All neural networks are trained for 1500 epochs and use a batch size of 256. The best model (criterion: validation loss) is selected for final testing.

Results

Let’s see how the algorithms perform:

It seems like drive diagnosis is easy. Neural Networks, XGBoost and Random Forests are almost free of false predictions. Decision trees perform quite good as well. Gaussian Naive Bayes is super fast but doesn’t yield results that meet any standards quality-wise. Again, this seems to be another dataset where AdaBoost fails. I’m not too sure if I still use to few hyperparameters.

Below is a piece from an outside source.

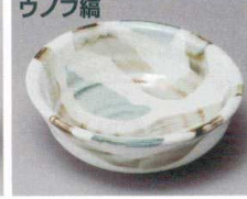
ウノフ編 11853-311 3.5小鉢 820円 (10.4×4cm) 11854-311 4.2小鉢 1,160円 (12.6×4.5cm)

Since the original publication doesn’t contain any clear metrics, I can’t compare the results. If the figures in the publication show something similar, then I would say that we will outperform the fuzzy logic approach even with pure decision trees.

References

[1] Lohweg, V.; Paschke, F.; Bayer, C.; Bator, M.; Mönks, W.; Dicks, A.; Enge-Rosenblatt, O. (2013): Sensorlose Zustandsüberwachung and Synchronmotoren. Proceedings. 23. Workshop Computational Intelligence. doi: 10.5445/KSP/1000036887.

Acknowledgements

I would like to thank the authors from the original publication for making the dataset available.